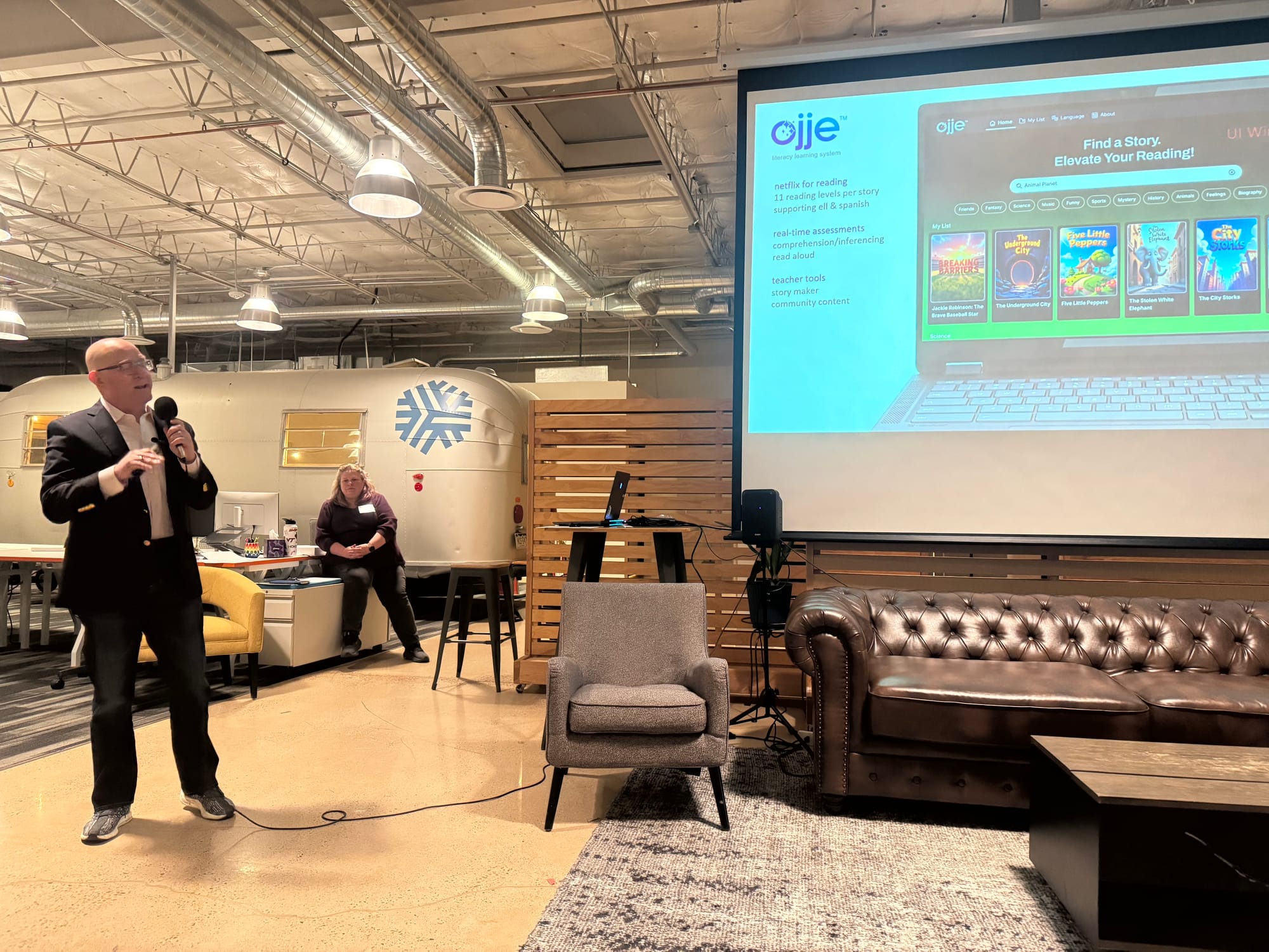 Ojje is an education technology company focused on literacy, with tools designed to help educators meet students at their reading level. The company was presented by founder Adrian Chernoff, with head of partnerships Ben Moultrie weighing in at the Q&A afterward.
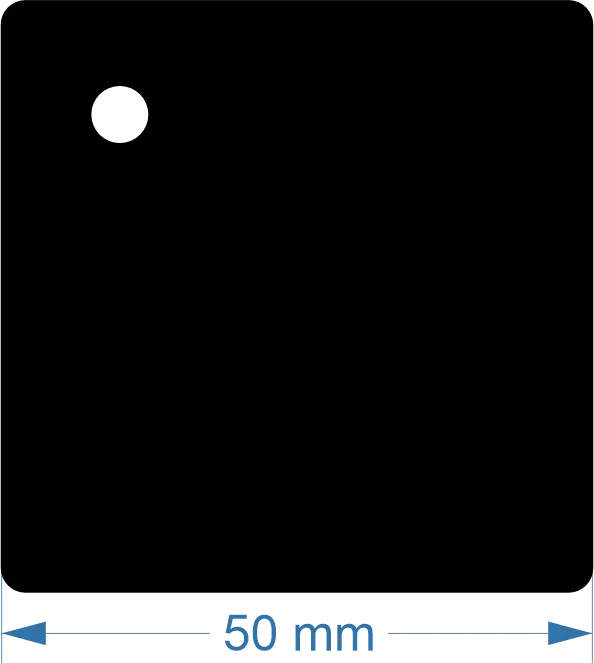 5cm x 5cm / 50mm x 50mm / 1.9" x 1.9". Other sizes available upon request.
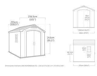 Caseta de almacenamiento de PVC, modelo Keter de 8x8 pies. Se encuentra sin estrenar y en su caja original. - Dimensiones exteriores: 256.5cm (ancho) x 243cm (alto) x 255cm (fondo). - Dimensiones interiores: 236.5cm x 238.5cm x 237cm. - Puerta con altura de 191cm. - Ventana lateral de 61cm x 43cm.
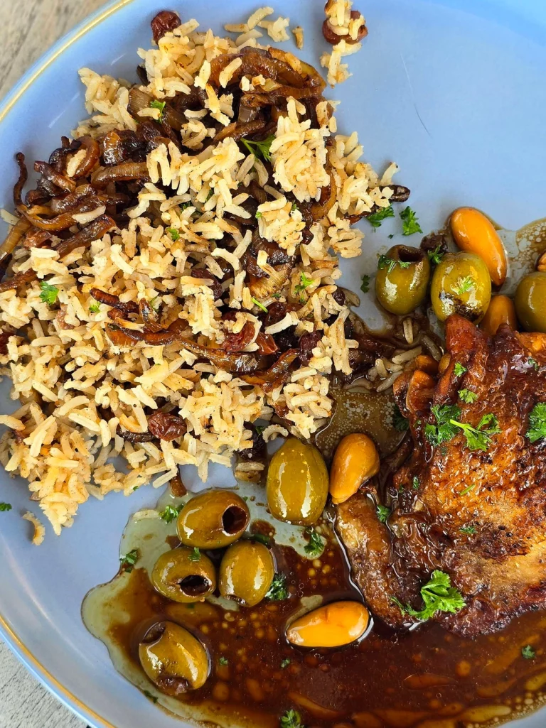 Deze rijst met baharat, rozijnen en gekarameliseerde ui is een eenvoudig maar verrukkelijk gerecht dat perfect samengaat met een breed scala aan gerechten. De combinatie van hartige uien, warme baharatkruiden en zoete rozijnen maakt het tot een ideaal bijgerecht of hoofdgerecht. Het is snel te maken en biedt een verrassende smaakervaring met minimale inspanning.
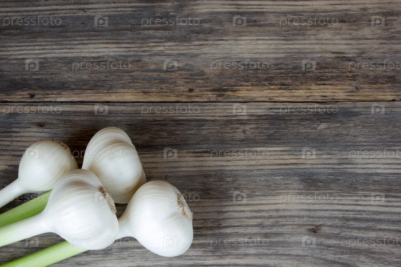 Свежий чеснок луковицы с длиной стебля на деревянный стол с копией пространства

────────

### Task
Using the data above, print every line exactly, omitting pictures.

### Answer to the problem
 Ojje is an education technology company focused on literacy, with tools designed to help educators meet students at their reading level. The company was presented by founder Adrian Chernoff, with head of partnerships Ben Moultrie weighing in at the Q&A afterward.
 5cm x 5cm / 50mm x 50mm / 1.9" x 1.9". Other sizes available upon request.
 Caseta de almacenamiento de PVC, modelo Keter de 8x8 pies. Se encuentra sin estrenar y en su caja original. - Dimensiones exteriores: 256.5cm (ancho) x 243cm (alto) x 255cm (fondo). - Dimensiones interiores: 236.5cm x 238.5cm x 237cm. - Puerta con altura de 191cm. - Ventana lateral de 61cm x 43cm.
 Deze rijst met baharat, rozijnen en gekarameliseerde ui is een eenvoudig maar verrukkelijk gerecht dat perfect samengaat met een breed scala aan gerechten. De combinatie van hartige uien, warme baharatkruiden en zoete rozijnen maakt het tot een ideaal bijgerecht of hoofdgerecht. Het is snel te maken en biedt een verrassende smaakervaring met minimale inspanning.
 Свежий чеснок луковицы с длиной стебля на деревянный стол с копией пространства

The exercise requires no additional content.